Towards Learning High-Precision Least Squares Algorithms with Sequence Models
Jerry Liu, Jessica Grogan, Owen Dugan, Ashish Rao, Simran Arora, Atri Rudra, Christopher Ré
TL;DR
This work addresses whether sequence models can learn numerical algorithms for least squares with machine-precision accuracy. It exposes expressivity and optimization bottlenecks in standard Transformers, showing they struggle to reach near floating-point precision and to generalize numerically beyond training distributions. By leveraging polynomial architectures like BaseConv and a high-precision training recipe (adaptive LR based on gradient signal and EMA over updates), the authors demonstrate the ability to learn high-precision gradient-descent iterates, achieving MSEs as low as ~$10^{-13}$ for single iterates and ~$10^{-10}$ for multiple iterates, with significantly better out-of-distribution generalization than Transformers. While end-to-end learning of the full GD trajectory remains challenging, the results mark a substantial step toward learning numerical algorithms from data and highlight the tradeoffs between architecture expressivity and optimization dynamics in scientific ML tasks. The findings imply practical potential for precise numerics in scientific modeling, with BaseConv offering a scalable path to numerically robust algorithm learning for LS and related problems, and they point to future work on deeper optimization pipelines and broader PDE/ODE contexts.
Abstract
This paper investigates whether sequence models can learn to perform numerical algorithms, e.g. gradient descent, on the fundamental problem of least squares. Our goal is to inherit two properties of standard algorithms from numerical analysis: (1) machine precision, i.e. we want to obtain solutions that are accurate to near floating point error, and (2) numerical generality, i.e. we want them to apply broadly across problem instances. We find that prior approaches using Transformers fail to meet these criteria, and identify limitations present in existing architectures and training procedures. First, we show that softmax Transformers struggle to perform high-precision multiplications, which prevents them from precisely learning numerical algorithms.
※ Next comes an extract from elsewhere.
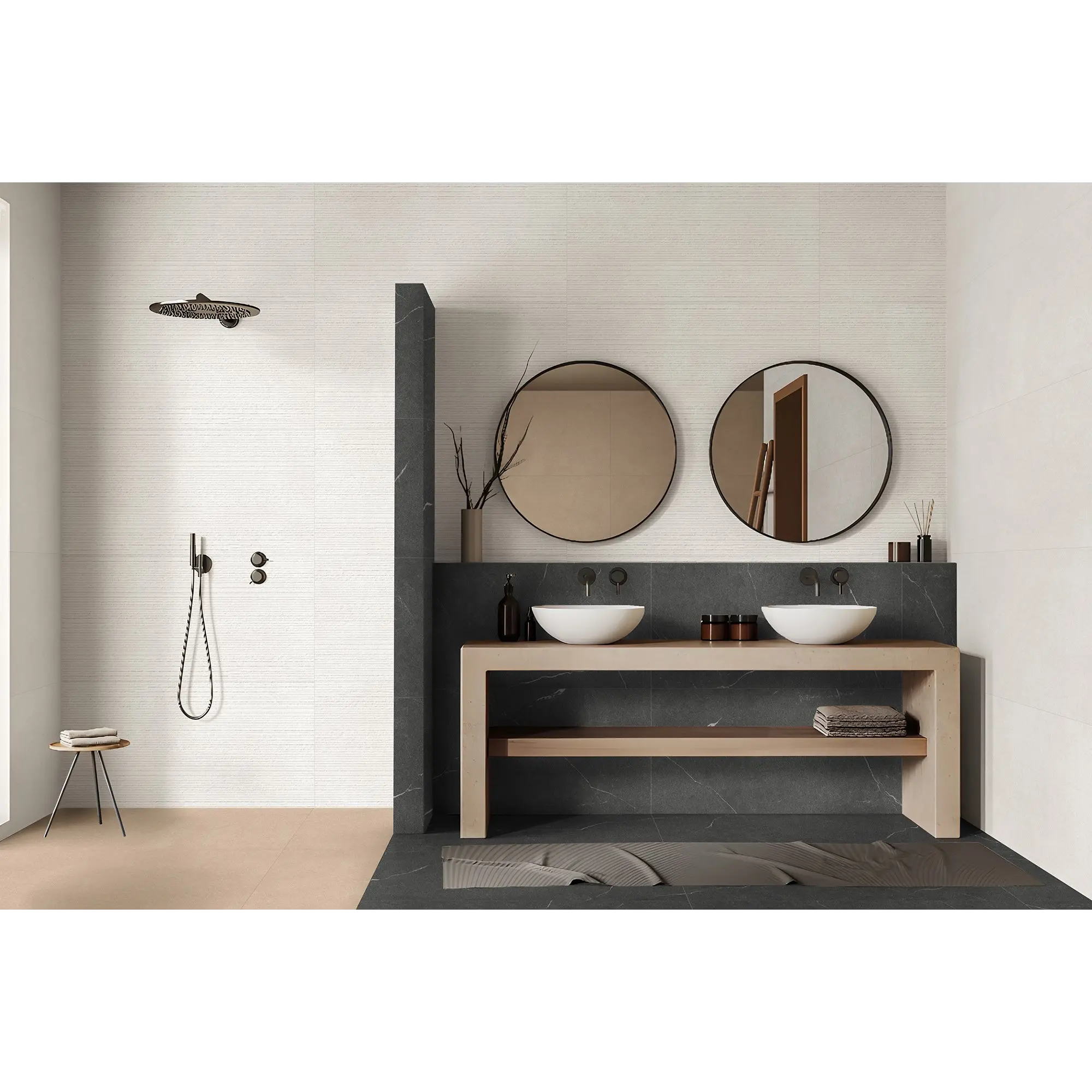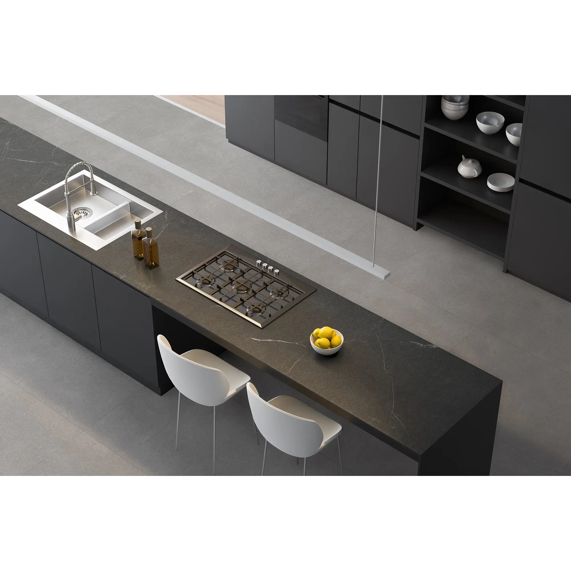 Коллекция Lakeside – это керамогранит с трендовым рисунком, который имитирует черный камень с неброскими, но добавляющими эффектности, белыми прожилками. Неоднородная текстура матовых плит смотрится интереснее благодаря декору, дополненному аккуратным рельефом в виде полос. Коллекция идеально гармонирует с деревом, металлом, позолотой, придает пространству элегантность и лоск, что позволяет создавать по-настоящему уникальные интерьеры.

Second, we identify an alternate class of architectures, comprised entirely of polynomials, that can efficiently represent high-precision gradient descent iterates. Finally, we investigate precision bottlenecks during training and address them via a high-precision training recipe that reduces stochastic gradient noise. Our recipe enables us to train two polynomial architectures, gated convolutions and linear attention, to perform gradient descent iterates on least squares problems. For the first time, we demonstrate the ability to train to near machine precision. Applied iteratively, our models obtain 100,000x lower MSE than standard Transformers trained end-to-end and they incur a 10,000x smaller generalization gap on out-of-distribution problems. We make progress towards end-to-end learning of numerical algorithms for least squares.